The two authors agree that it’s in every­one’s interest, not just America’s, for the United States to remain dominant. Kagan frames his essay with a device borrowed from the Frank Capra classic “It’s a Wonderful Life,” imagining the world if America were not there to play global superpower. He provides a compelling demonstration that whether it’s protecting the sea lanes vital for free trade or nudging societies toward democracy, the world stands a better chance with America in prime position than it would with China or Russia in the lead. Brzezinski similarly asks us to imagine the Internet if it were under the de facto stewardship of Moscow or Beijing rather than Washington.
Of the two, it is Brzezinski, predictably, who is more alert to the long history of United States intrusion abroad — including the toppling of democratic governments and the gobbling up of developing nations’ resources — that might make non-­Americans skeptical of the merits of American dominance. But both are persuasive that American mastery is better than any plausible alternative (if only because a world without any dominant power is itself implausible).

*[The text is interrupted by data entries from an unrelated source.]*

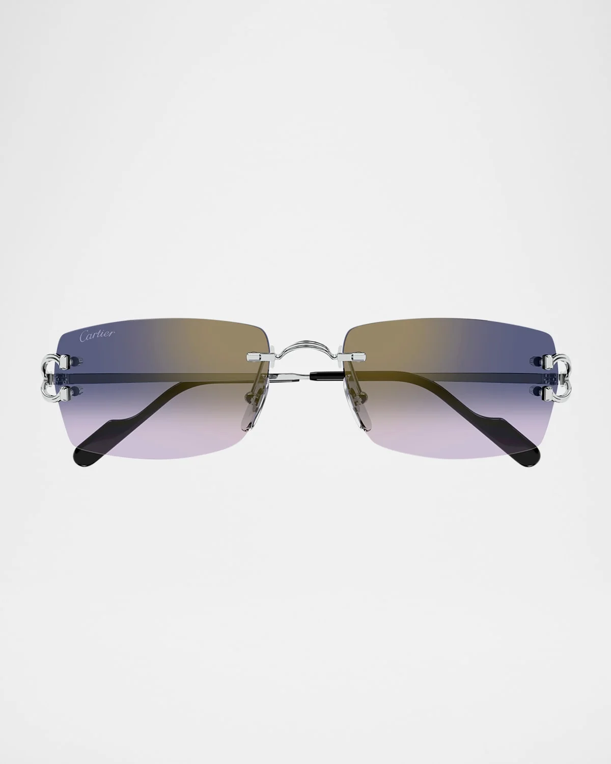 - Cartier "CT0550SM" rectangle sunglasses in metal - Lens/bridge/temple (in mm): - 56-18-140 - Solid-color lenses - Right lens logo script - Adjustable nose pads - Curved, capped temple tips - Metal - 100% UVA/UVB protection - Made in France - Proposition 65 warning for California residents
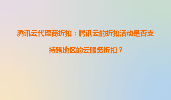 2025-09-17腾讯云代理商折扣:跨地区云服务折扣解析与腾讯云优势 一、腾讯云代理商折扣活动概述 腾讯云作为国内领先的云计算服务提供商,通过代理商体系为客户提供灵活的折扣方案。代理商折扣通常覆盖计算、存储、数...
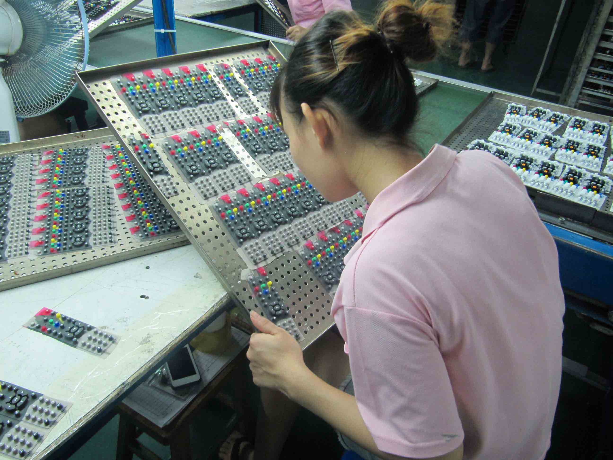 從絲印工藝要求講:一般現(xiàn)在的硅膠按鍵都是需要絲印四五種的顏色,每一種顏色都是需要經(jīng)過一次檢查和烘烤的。博皓電子在管控絲印品質過程中增加一個FQC檢查崗位,在絲印完成后烘烤前會檢查員會把產(chǎn)生的不良挑選出來,并且擦拭干凈重新絲印。一般的小型工廠是不會增加這種檢查崗位的,這就是博皓電子能生產(chǎn)出品質過關而且具備優(yōu)勢的性價比的硅膠制品的原因。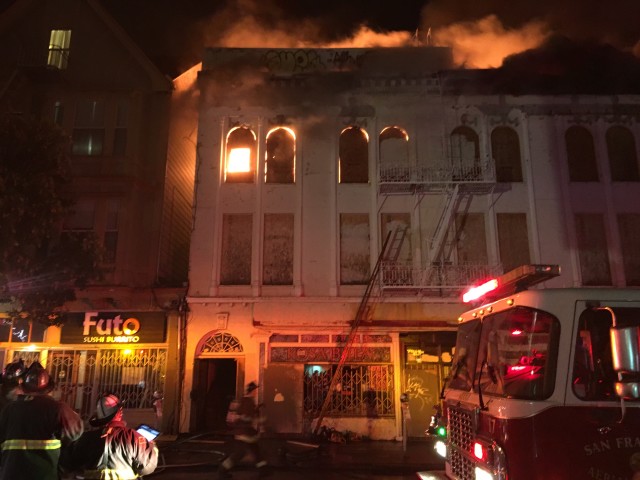 A 3-alarm fire broke out at the previously fire-damaged building at Mission and 22nd streets shortly after 11 p.m on Sunday night. No injuries have been reported beyond some cuts and bruises among firefighters.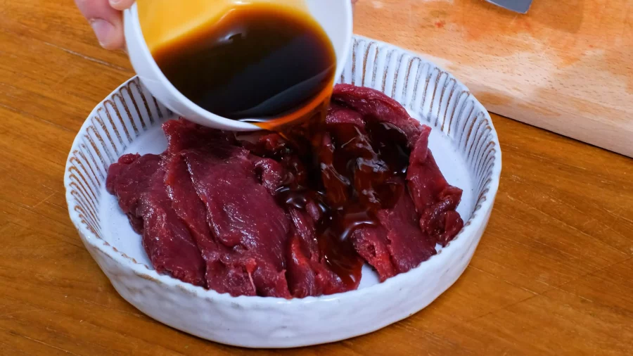 Les mettre à mariner 10 minutes dans la sauce soja avec le gingembre râpé.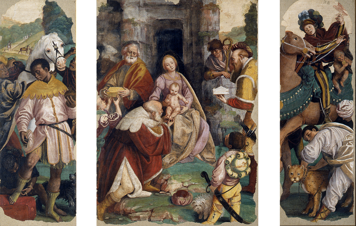 L’Adorazione vera e propria, affiancata dalle immagini del corteo dei re con paggi, cavalieri, nani e animali esotici unisce il gusto del racconto sorprendente a dettagli di commovente verità, come il re anziano che si china reverente verso il Bambino, tutto compreso nel gesto sacerdotale di benedire. Le scene di Gaudenzio, con la loro ricchezza umana e varietà di personaggi, forniranno modelli alle successive generazioni di pittori.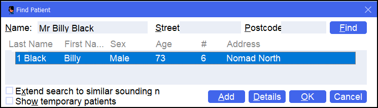 - Select an existing patient within Pharmacy Manager and add them to the nursing home. See Selecting a Patient, or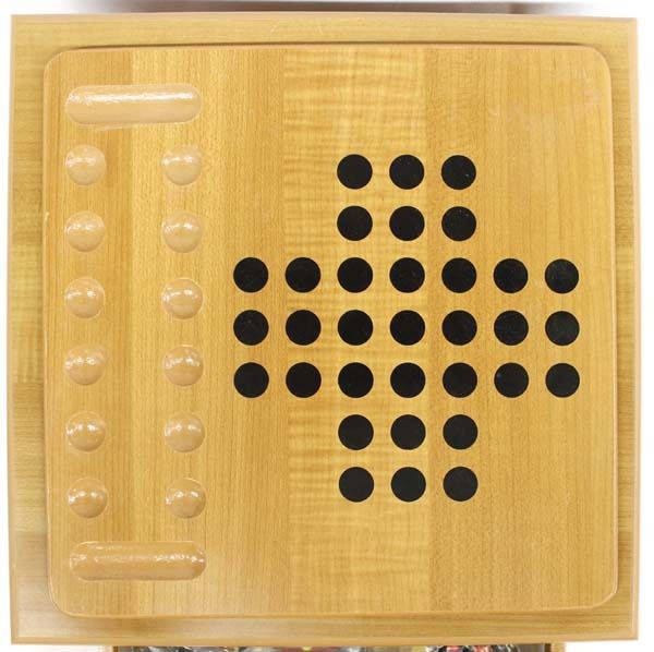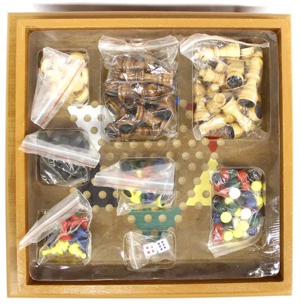 Multi-Game Board Set, 6 different game boards included in this cabinet, measures 6''H x 13'' x 13'', comes with game pawns, the top is slightly scratched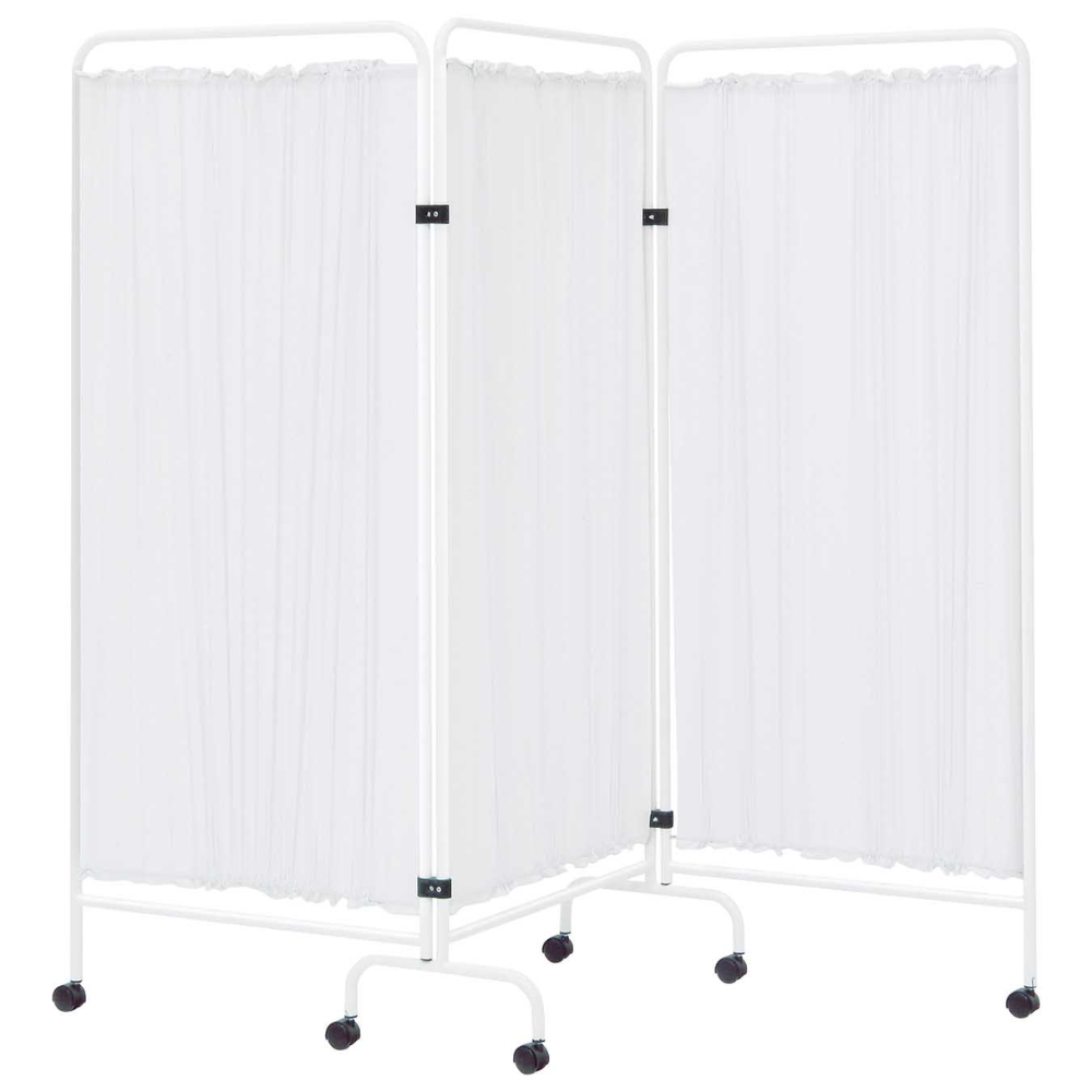 BIOMBO 3 CUERPOS C/ RUEDAS ACERO PINTADO - UNIDAD El Biombo de 3 Cuerpos con Ruedas en Acero Pintado ofrece privacidad, movilidad y resistencia para entornos sanitarios. Su estructura estable y las cortinas opacas garantizan una separación segura y cómoda en consultas, hospitales y centros asistenciales.

Above all, Brzezinski and Kagan unite in arguing against fatalism. American decline is not preordained, but neither is the status quo. If Americans want to remain on top, they will have to fight for that position, making some painful changes in the process (including, Brzezinski says, to a dysfunctional, paralyzed political system). But it’s worth it, chiefly because the current international order — more or less stable and free from world war for seven decades — will not maintain itself. Given what else is out there, the world still needs America.
Jonathan Freedland is an editorial page columnist for The Guardian of London.